_What to work on_
All the lines below should be set down exactly, with no picture carried into the copy.

═══ Exercise data ═══

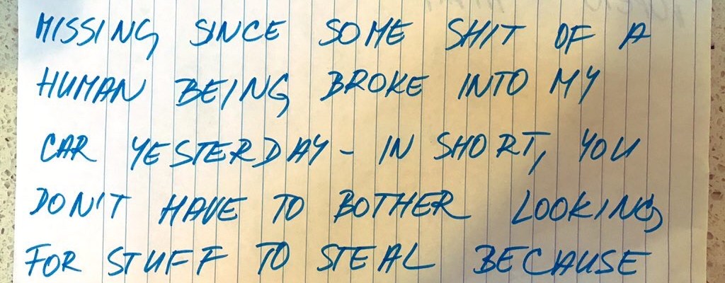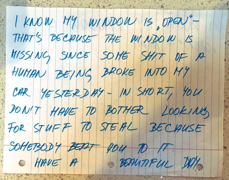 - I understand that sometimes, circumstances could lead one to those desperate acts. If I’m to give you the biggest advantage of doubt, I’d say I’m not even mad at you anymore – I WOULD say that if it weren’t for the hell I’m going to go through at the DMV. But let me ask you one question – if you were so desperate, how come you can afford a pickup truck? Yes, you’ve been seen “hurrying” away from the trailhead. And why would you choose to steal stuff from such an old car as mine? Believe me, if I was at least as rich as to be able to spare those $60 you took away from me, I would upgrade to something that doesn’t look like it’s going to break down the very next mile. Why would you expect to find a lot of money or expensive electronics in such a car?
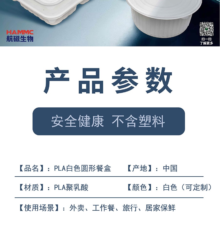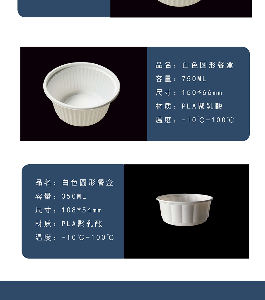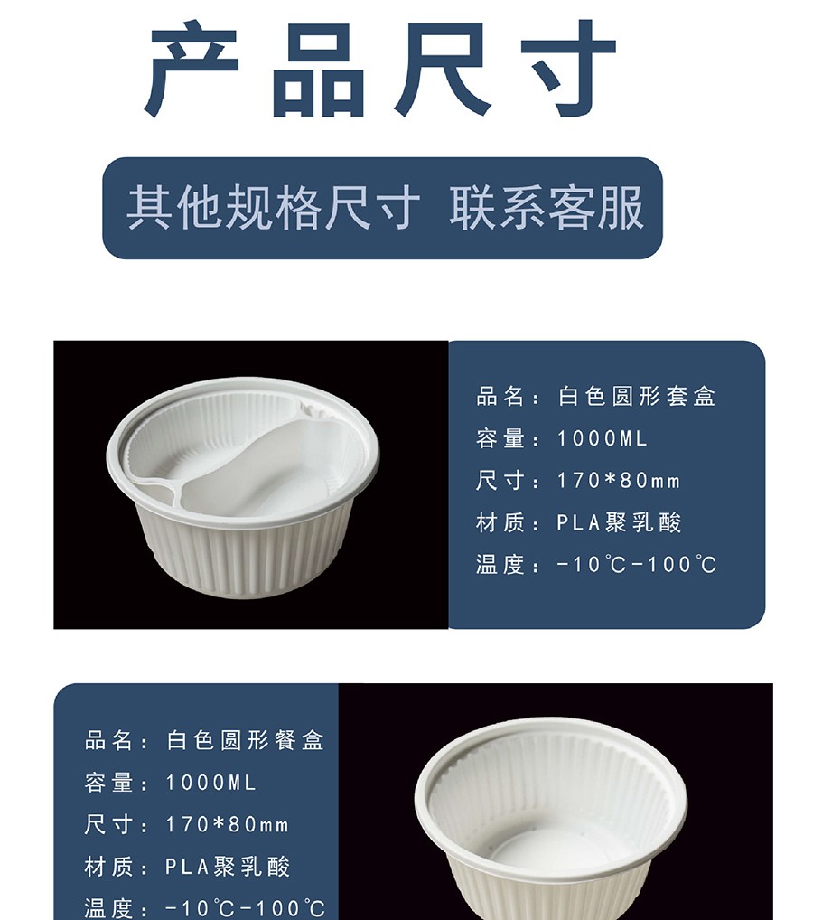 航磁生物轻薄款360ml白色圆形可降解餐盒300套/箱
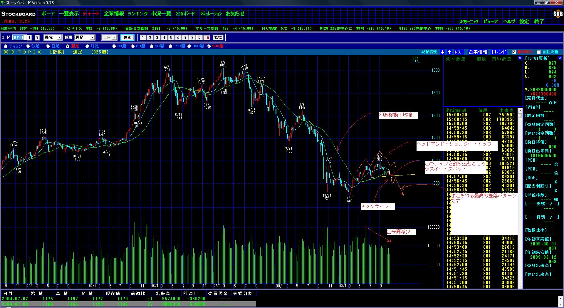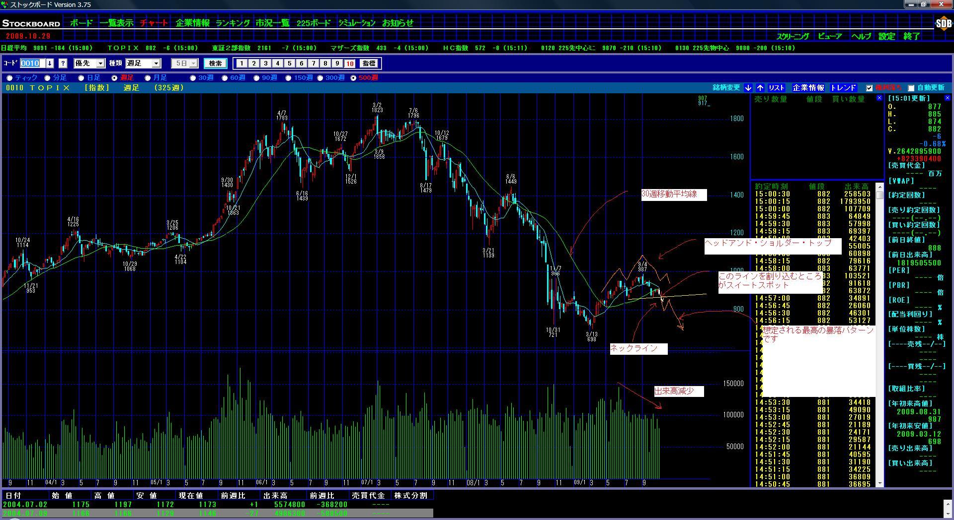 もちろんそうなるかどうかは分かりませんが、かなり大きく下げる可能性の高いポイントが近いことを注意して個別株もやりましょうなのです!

═══

_Reply_
 - I understand that sometimes, circumstances could lead one to those desperate acts. If I’m to give you the biggest advantage of doubt, I’d say I’m not even mad at you anymore – I WOULD say that if it weren’t for the hell I’m going to go through at the DMV. But let me ask you one question – if you were so desperate, how come you can afford a pickup truck? Yes, you’ve been seen “hurrying” away from the trailhead. And why would you choose to steal stuff from such an old car as mine? Believe me, if I was at least as rich as to be able to spare those $60 you took away from me, I would upgrade to something that doesn’t look like it’s going to break down the very next mile. Why would you expect to find a lot of money or expensive electronics in such a car?
 航磁生物轻薄款360ml白色圆形可降解餐盒300套/箱
 もちろんそうなるかどうかは分かりませんが、かなり大きく下げる可能性の高いポイントが近いことを注意して個別株もやりましょうなのです!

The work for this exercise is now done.